There’s Astroturf At The Tea Party

If you suspected Rick Santelli’s “spontaneous” tea party rant was actually a fake, you may be on to something. It’s starting to look like it was part of a conservative astroturfing campaign put together by FreedomWorks, Dick Armey’s right-wing propaganda operation.

FreedomWorks is one of those shady, GOP-affiliated organizations which use stealth propaganda campaigns to foist such unpopular policies like privatizing Social Security on the American people (Move America Forward is another one, but there are several).

Now they’ve used a phony “grassroots” campaign, a network of conservative blogs, and a willing mouthpiece in CNBC’s Rick Santelli to launch the first assault on President Obama’s economic plans. Journalists Mark Ames and Yasha Levine, both familiar with Russian-style propaganda campaigns, smelled a rat and did some digging. They broke the story on Friday here at (no jokes, please! I was directed there by Avedon Carol). Do read the entire thing, but here are a few excerpts:

Within hours of Santelli’s rant, a website called sprang to life. Essentially inactive until that day, it now featured a YouTube video of Santelli’s “tea party” rant and billed itself as the official home of the Chicago Tea Party. The domain was registered in August, 2008 by Zack Christenson, a dweeby Twitter Republican and producer for a popular Chicago rightwing radio host Milt Rosenberg—a familiar name to Obama campaign people.
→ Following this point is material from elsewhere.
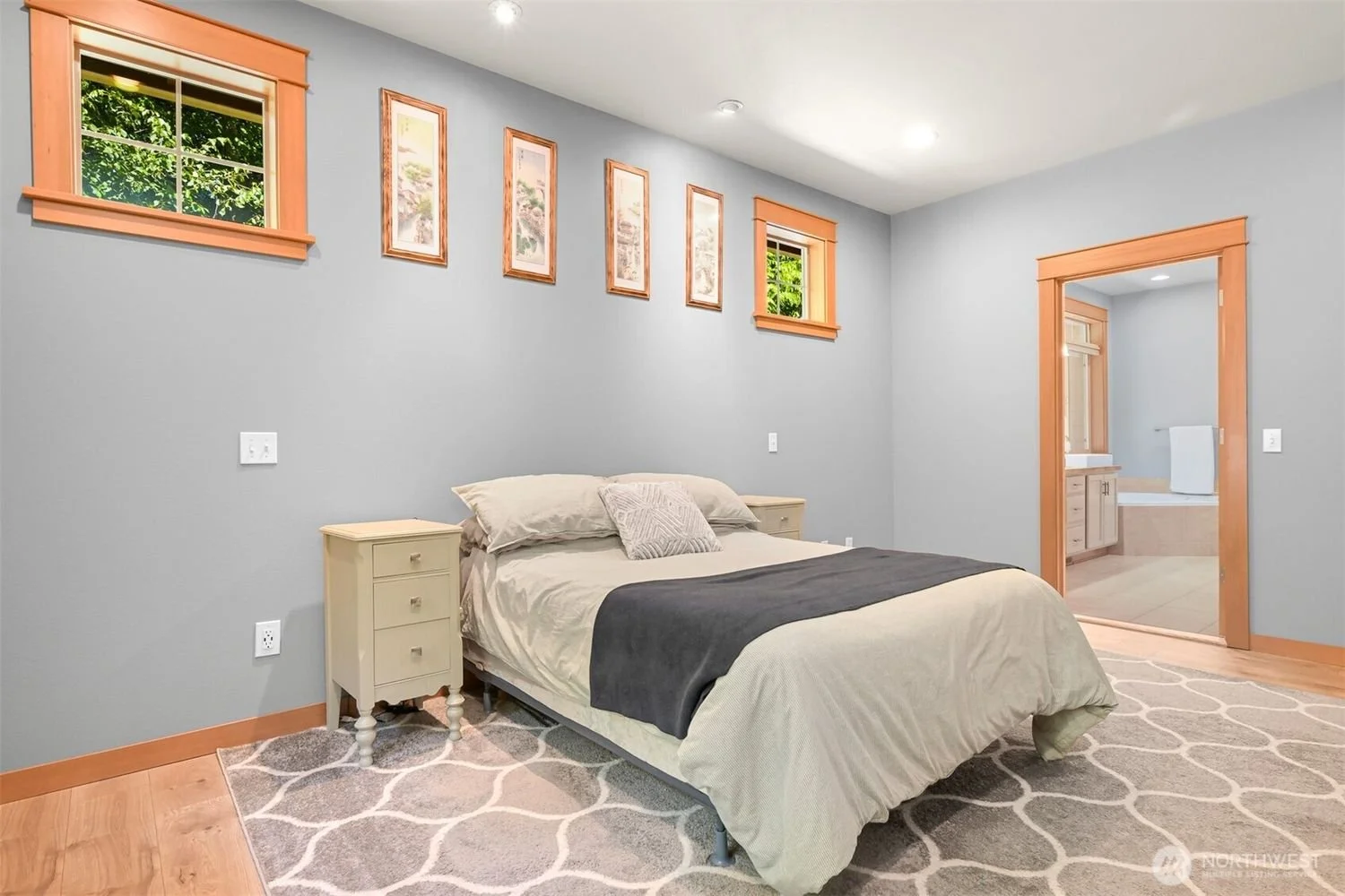 Bedroom with a bed, two nightstands, three small windows above, framed pictures on the wall, a patterned rug, and a doorway leading to a bathroom with a vanity and bathtub.

On the same day as Santelli’s rant, February 19, another site called went live. This site was registered to Eric Odom, who turned out to be a veteran Republican new media operative specializing in imitation-grassroots PR campaigns. Last summer, Odom organized a twitter-led campaign centered around to pressure Congress and Nancy Pelosi to pass the offshore oil drilling bill, something that would greatly benefit Koch Industries, a major player in oil and gas. Now, six months later, Odom’s DontGo movement was resurrected to play a central role in promoting the “tea party” movement.

Ames and Levine go on to link the “tea parties” to the bazillionaire arch-conservative Koch family, the folks behind the John Birch Society, the Club For Growth, the Cato Institute, and a network of smaller organizations like Chicago Libertarian activist group, the Sam Adam Alliance. Not coincidentally, that is where Eric Odom worked as “new media coordinator.” Sam Adams, huh. Wow, what a coinky-dinky:

Samuel Adams the historical figure was famous for inspiring and leading the Boston Tea Party—so when the PR people from the Chicago-based Sam Adams Alliance abruptly leave in order to run Santelli’s “Chicago Tea Party,” you know it wasn’t spontaneous.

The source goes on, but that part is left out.